EXERCISE AIM: When you return the data, keep every word exact and include none of the images.

Dataset excerpts:
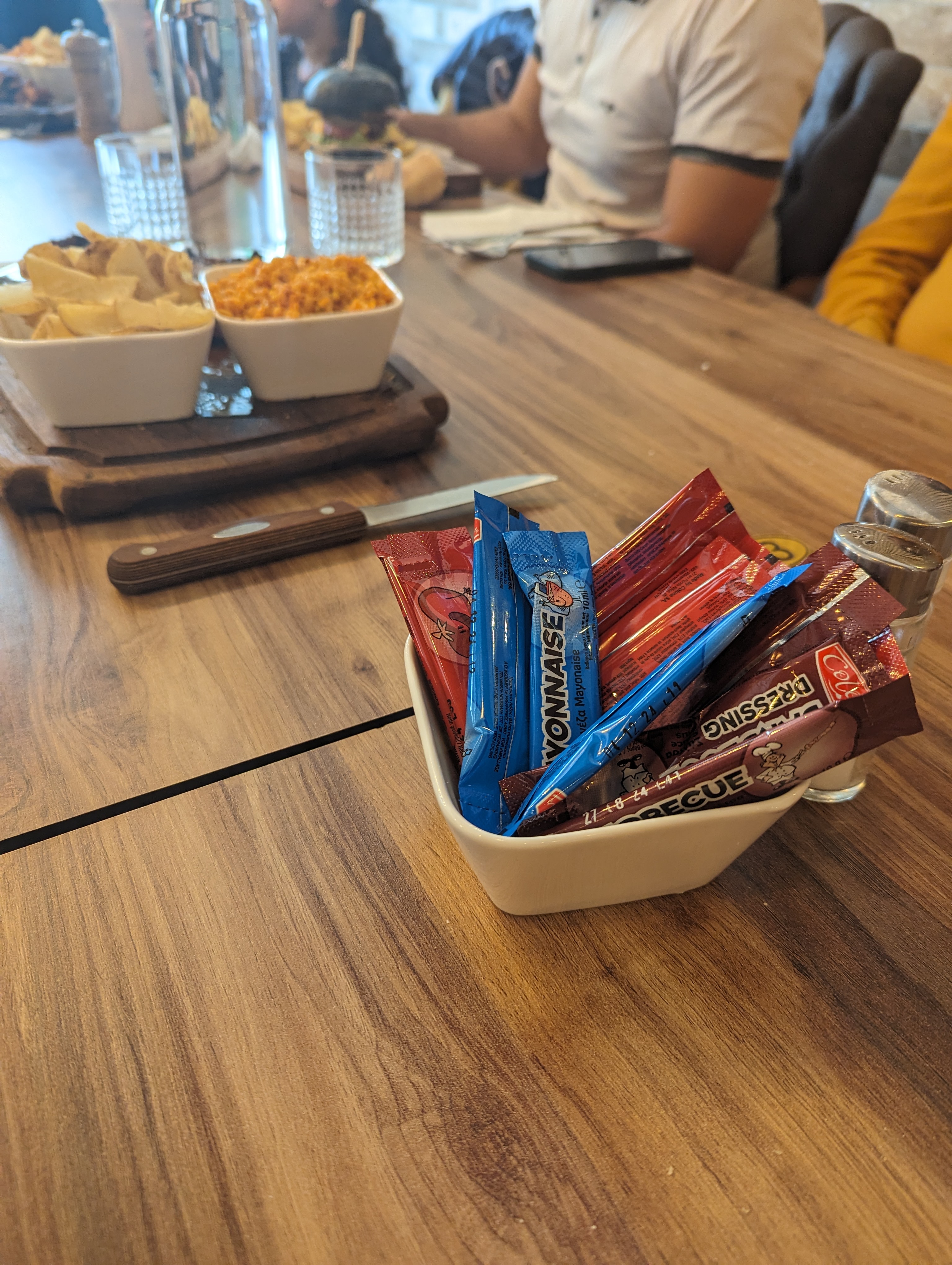 Cadre sympathique, facile de se garer grâce au supermarché à côté. Pour la cuisine c'était mitigé, le boeuf cheddar n'était pas à la hauteur de mes attentes. Le plat était bon ( le chalet steak) Pour le dessert un kunefe très bon. Au niveau du service ce n'était pas ça du tout nous avons demandé deux fois du citron qui n'est jamais arrivé. Les cocktails sont arrivés bien tard pendant le plat. Pour les sauces je n'ai pas compris ils nous ont ramené les sauces comme au fast food Pour le prix des plats et le cadre du restaurant servir dans un Petit récipient serait tellement plus agréable
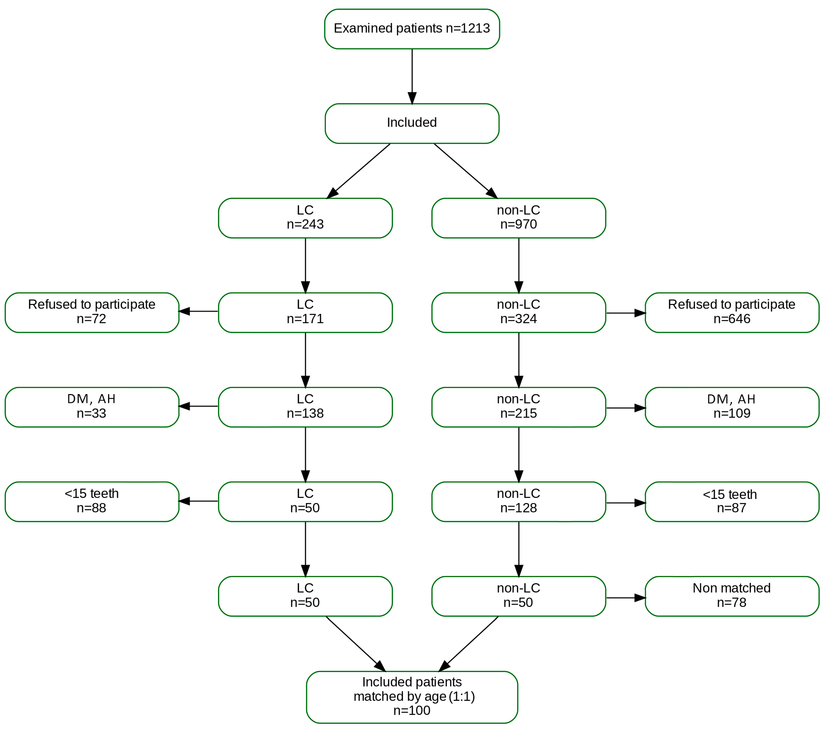 - Costa, F.O.; Lages, E.J.P.; Lages, E.M.B.; Cota, L.O.M. Periodontitis in individuals with liver cirrhosis: A case–control study. J. Clin. Periodontol. 2019, 46, 991–998. [Google Scholar] [CrossRef] [PubMed]
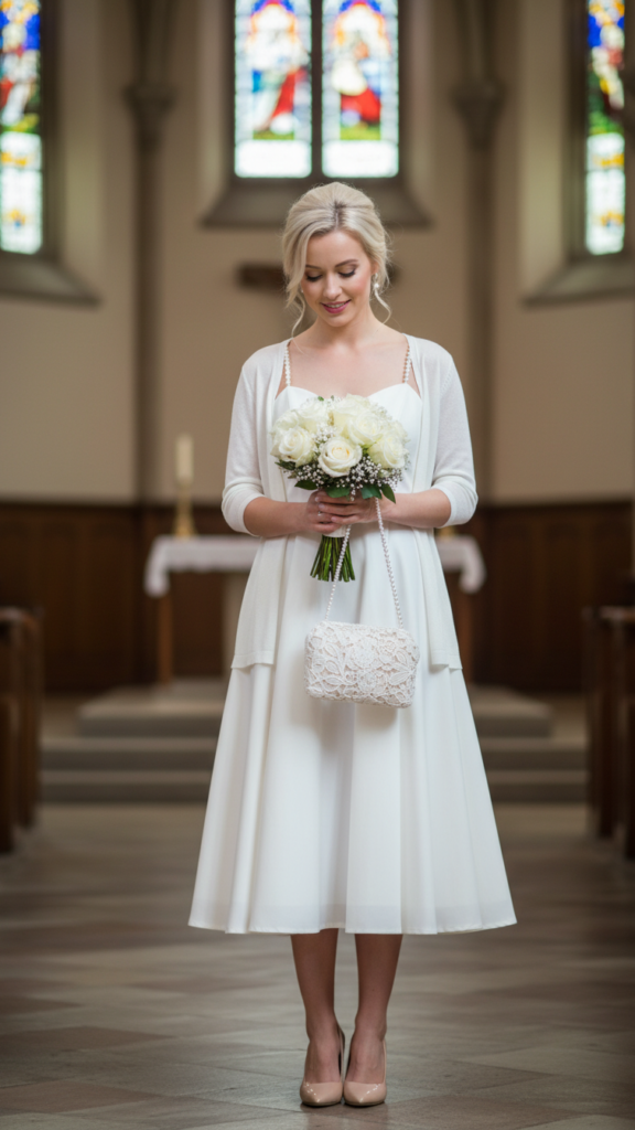 Nude pumps enhance your legs’ length visually, adding to the refined sensibility. Build a harmonious monochrome look with matching accessories—think soft cream cardigans, light gold jewelry, or a delicate pearl necklace. A nude structured handbag adds polish, making this ensemble ideal for transitioning from service to afternoon festivities. This refined yet modest elegant church dress concept is well-suited for various religious occasions beyond Palm Sunday.
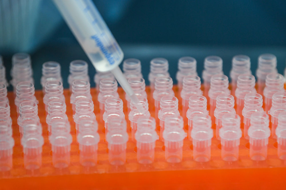 在江苏硕世生物科技股份有限公司,工作人员在分装新冠病毒核酸检测试剂产品(4月16日摄)。(新华社记者李博摄)
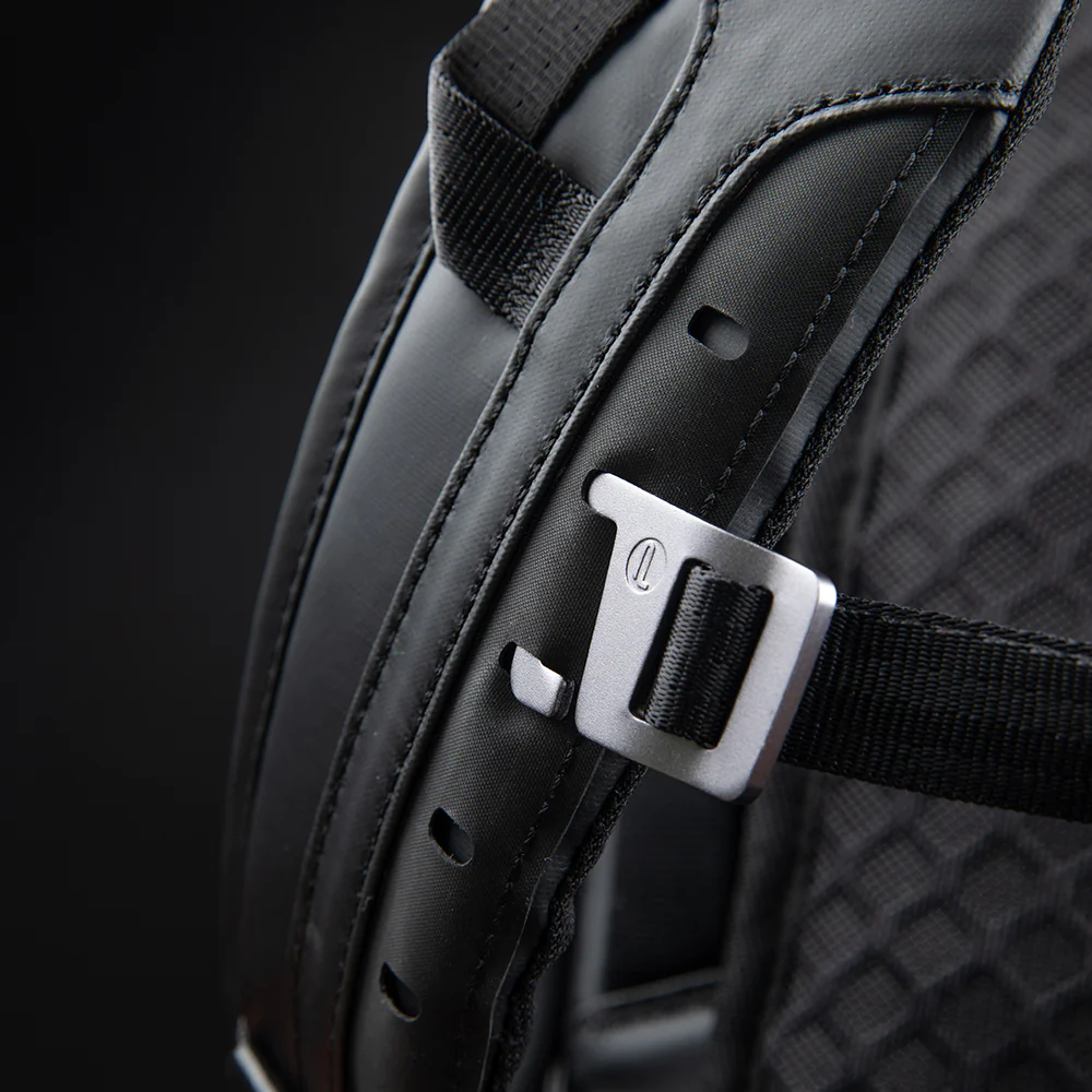 Рюкзак PGYTECH OneGo (чёрный обсидиан) оснащён плечевыми ремнями, усиленными специальной прокладкой с сотовой структурой для большего рассеяния давления от общего веса. Задняя панель изготовлена по технологии AirFiber для обеспечения вентиляции, не допуская запотевания при носке. В батарейном кармане имеется многофункциональный магнит.
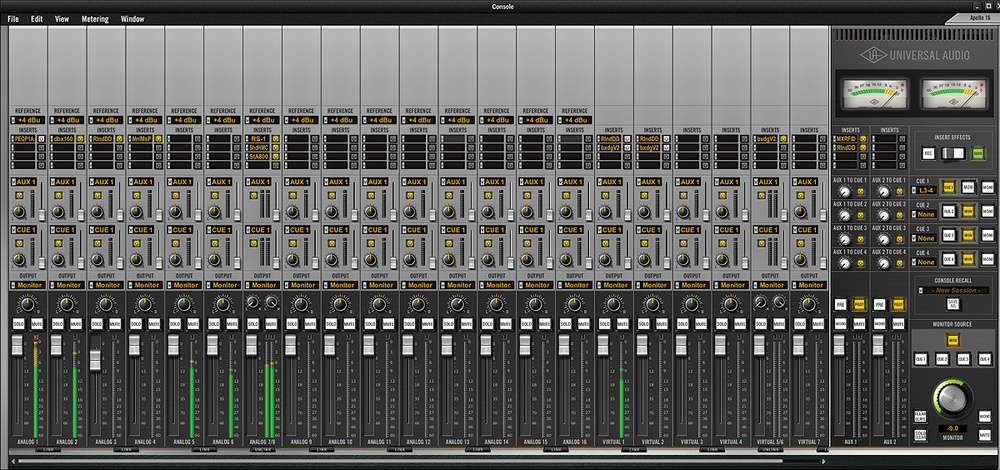 * 모니터링: Apollo의 마이크 프리앰프와 관련된 컨트롤이 없고, Apollo 16의 Console은 Apollo의 헤드폰 버스 대신 독립적인 출력 쌍으로 전송할 수 있는 4개의 스테레오 Cue 버스를 제공합니다. * 보조 버스: 2개의 스테레오 Aux 버스가 유지됩니다 (176.4 또는 192kHz 샘플레이트에서 Aux 2를 잃음). * 입력 채널: 각 입력 채널에는 4개의 프리페이더 인서트 슬롯이 있습니다. * 글로벌 Rec/Mon 스위치: 모든 채널 인서트를 모니터 경로에만 배치할지, 오디오와 함께 인서트 효과를 인쇄할지를 전환합니다.
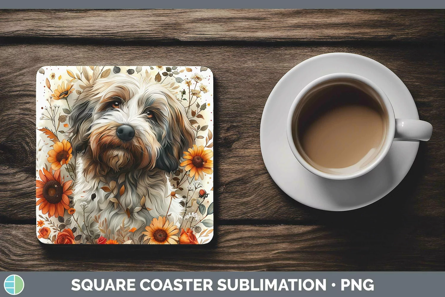 Autumn Sunflower Dog Old English Sheepdog Square Coaster Sub
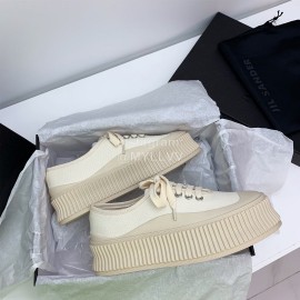 Jil Sander Thick Bottom Cowhide Canvas Shoes For Women White
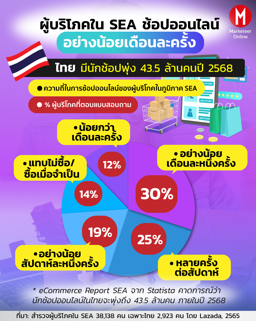 อีคอมเมิร์ซใน SEA โตไม่หยุด พบ 30% จาก 3.8 หมื่นคนที่สำรวจ ช้อปออนไลน์อย่างน้อยเดือนละครั้ง นับเฉพาะไทยนักช้อปพุ่ง 43.5 ล้านคน ภายในปี 2568
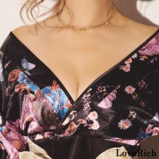 【高級ライン】【2カラー/2点セット】蝶々柄 フリル 花柄 ロング 豪華 帯 花魁 着物 ドレス コスプレ ハロウィン キャバドレス [1283]
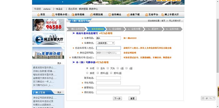首先要在当地的公安局网站上填写补办的表格。网址的话大家一搜应该就能搜到。填完了之后需要上传一些资料,行驶证,驾照,公安局笔录等。等待后台审核。审核之后你需要把表格打印下来,附加公安局备案的笔录快递过去。
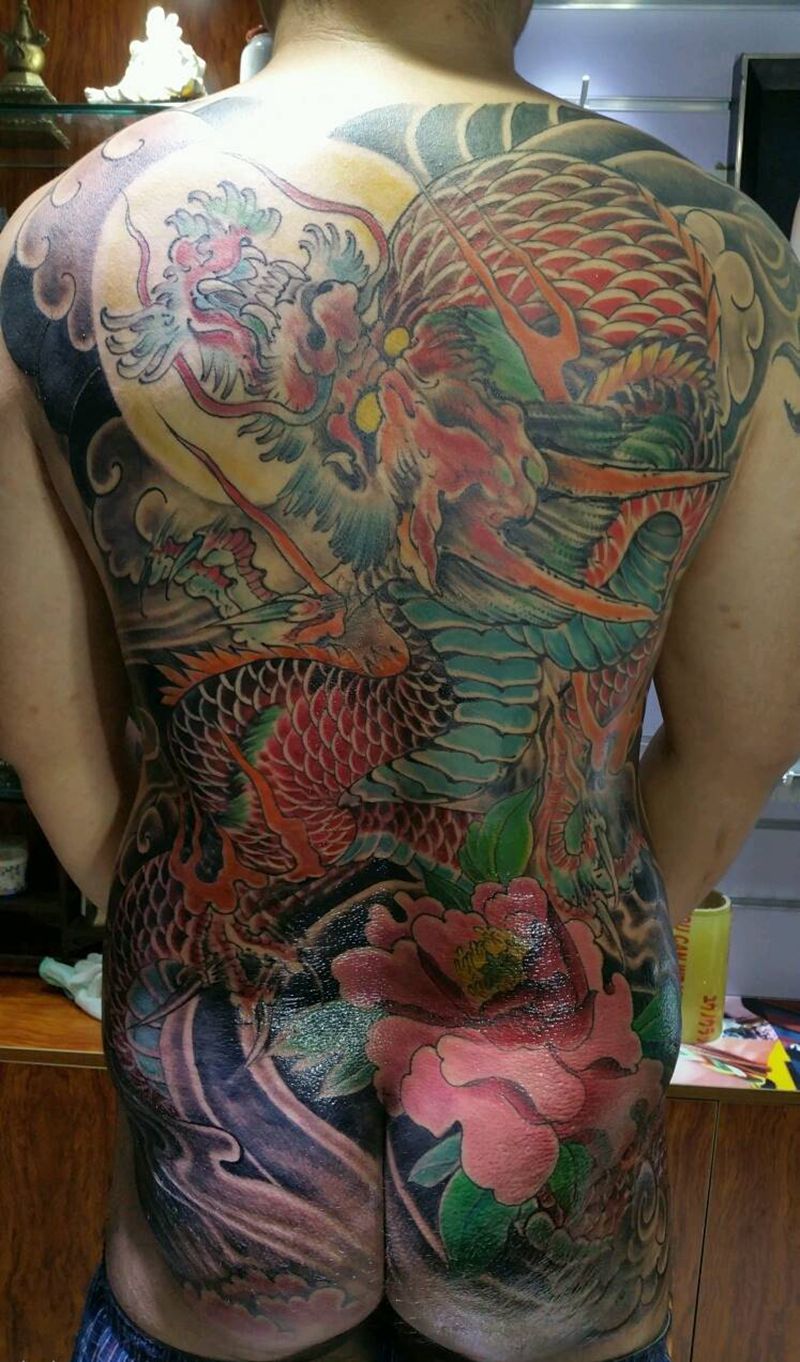 富贵牡丹与青龙纹身图片_背部新传统纹身图案
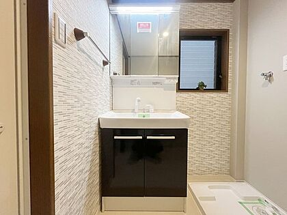 朝の準備が楽にできる独立洗面台です。清潔感のある白で統一され、身支度やお風呂上がり、寝る前の準備などの際に嬉しい大きな鏡付きです。
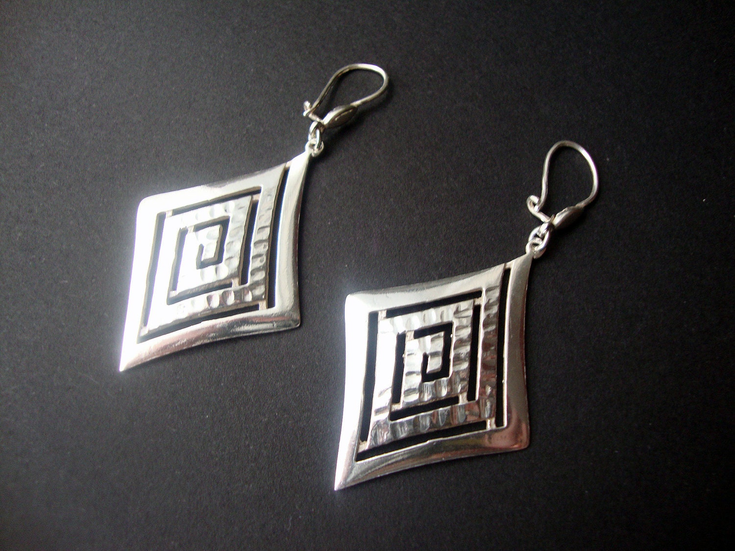 Silver Greek Earrings, Meander Greek Dangle Hammered Earrings From Greece, Jewelry From Greece, Bijoux Grece, Griechischer Ohrringe Schmuck
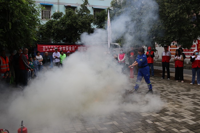在小区文化生活广场,信阳红十字蓝天救援队志愿者采取理论讲解、观看视频、现场演示、教学互动等方式,为小区群众讲授了火灾相关知识、灭火器使用方法、预防火灾重点等。
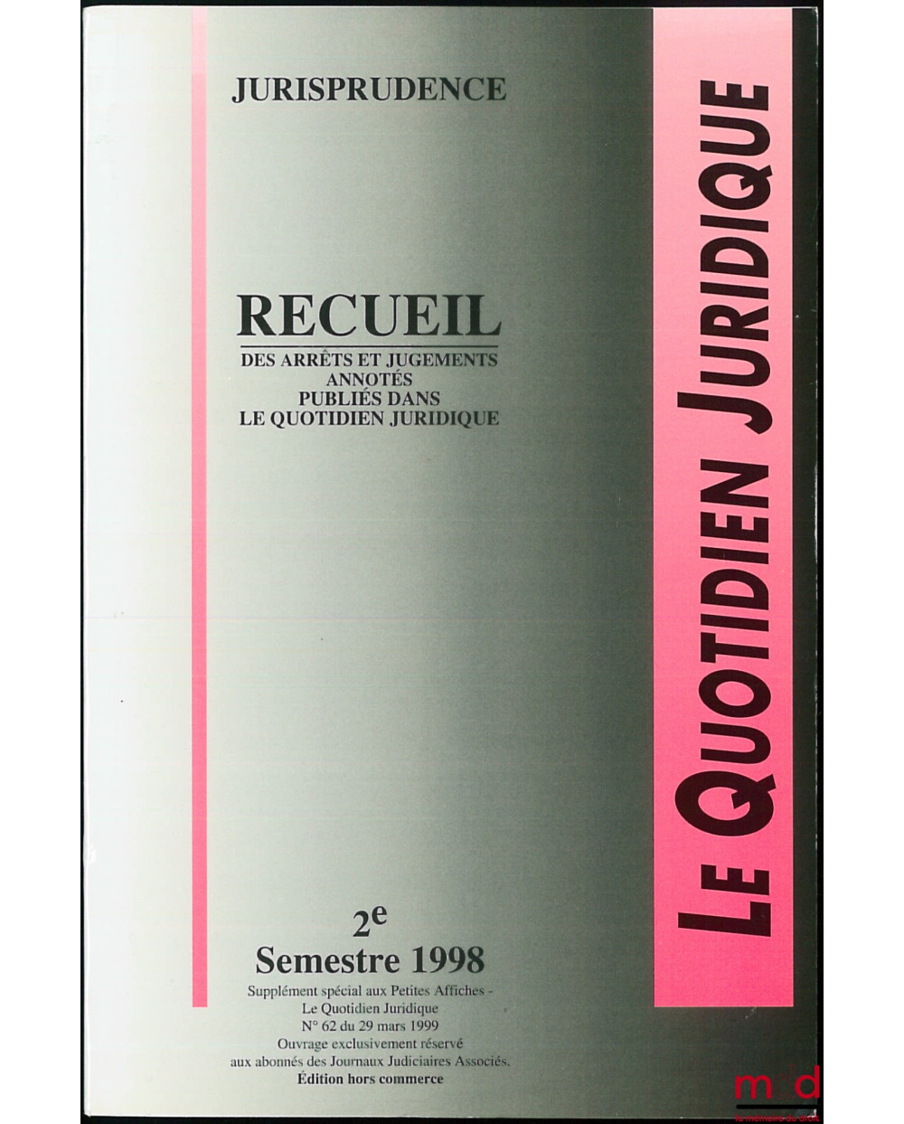 LE QUOTIDIEN JURIDIQUE, JURISPRUDENCE, Recueil des arrêts et jugements annotés publiés dans le Quotidien juridique, 2ème semestre 1998, éd. hors commerce
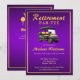 Invitación Jubilación Elegante Tema Golf Cart Purple Gold

SOLUTION FOR THIS EXERCISE:
 Cadre sympathique, facile de se garer grâce au supermarché à côté. Pour la cuisine c'était mitigé, le boeuf cheddar n'était pas à la hauteur de mes attentes. Le plat était bon ( le chalet steak) Pour le dessert un kunefe très bon. Au niveau du service ce n'était pas ça du tout nous avons demandé deux fois du citron qui n'est jamais arrivé. Les cocktails sont arrivés bien tard pendant le plat. Pour les sauces je n'ai pas compris ils nous ont ramené les sauces comme au fast food Pour le prix des plats et le cadre du restaurant servir dans un Petit récipient serait tellement plus agréable
 - Costa, F.O.; Lages, E.J.P.; Lages, E.M.B.; Cota, L.O.M. Periodontitis in individuals with liver cirrhosis: A case–control study. J. Clin. Periodontol. 2019, 46, 991–998. [Google Scholar] [CrossRef] [PubMed]
 Nude pumps enhance your legs’ length visually, adding to the refined sensibility. Build a harmonious monochrome look with matching accessories—think soft cream cardigans, light gold jewelry, or a delicate pearl necklace. A nude structured handbag adds polish, making this ensemble ideal for transitioning from service to afternoon festivities. This refined yet modest elegant church dress concept is well-suited for various religious occasions beyond Palm Sunday.
 在江苏硕世生物科技股份有限公司,工作人员在分装新冠病毒核酸检测试剂产品(4月16日摄)。(新华社记者李博摄)
 Рюкзак PGYTECH OneGo (чёрный обсидиан) оснащён плечевыми ремнями, усиленными специальной прокладкой с сотовой структурой для большего рассеяния давления от общего веса. Задняя панель изготовлена по технологии AirFiber для обеспечения вентиляции, не допуская запотевания при носке. В батарейном кармане имеется многофункциональный магнит.
 * 모니터링: Apollo의 마이크 프리앰프와 관련된 컨트롤이 없고, Apollo 16의 Console은 Apollo의 헤드폰 버스 대신 독립적인 출력 쌍으로 전송할 수 있는 4개의 스테레오 Cue 버스를 제공합니다. * 보조 버스: 2개의 스테레오 Aux 버스가 유지됩니다 (176.4 또는 192kHz 샘플레이트에서 Aux 2를 잃음). * 입력 채널: 각 입력 채널에는 4개의 프리페이더 인서트 슬롯이 있습니다. * 글로벌 Rec/Mon 스위치: 모든 채널 인서트를 모니터 경로에만 배치할지, 오디오와 함께 인서트 효과를 인쇄할지를 전환합니다.
 Autumn Sunflower Dog Old English Sheepdog Square Coaster Sub
 Jil Sander Thick Bottom Cowhide Canvas Shoes For Women White
 อีคอมเมิร์ซใน SEA โตไม่หยุด พบ 30% จาก 3.8 หมื่นคนที่สำรวจ ช้อปออนไลน์อย่างน้อยเดือนละครั้ง นับเฉพาะไทยนักช้อปพุ่ง 43.5 ล้านคน ภายในปี 2568
 【高級ライン】【2カラー/2点セット】蝶々柄 フリル 花柄 ロング 豪華 帯 花魁 着物 ドレス コスプレ ハロウィン キャバドレス [1283]
首先要在当地的公安局网站上填写补办的表格。网址的话大家一搜应该就能搜到。填完了之后需要上传一些资料,行驶证,驾照,公安局笔录等。等待后台审核。审核之后你需要把表格打印下来,附加公安局备案的笔录快递过去。
 富贵牡丹与青龙纹身图片_背部新传统纹身图案
 朝の準備が楽にできる独立洗面台です。清潔感のある白で統一され、身支度やお風呂上がり、寝る前の準備などの際に嬉しい大きな鏡付きです。
 Silver Greek Earrings, Meander Greek Dangle Hammered Earrings From Greece, Jewelry From Greece, Bijoux Grece, Griechischer Ohrringe Schmuck
在小区文化生活广场,信阳红十字蓝天救援队志愿者采取理论讲解、观看视频、现场演示、教学互动等方式,为小区群众讲授了火灾相关知识、灭火器使用方法、预防火灾重点等。
 LE QUOTIDIEN JURIDIQUE, JURISPRUDENCE, Recueil des arrêts et jugements annotés publiés dans le Quotidien juridique, 2ème semestre 1998, éd. hors commerce
 Invitación Jubilación Elegante Tema Golf Cart Purple Gold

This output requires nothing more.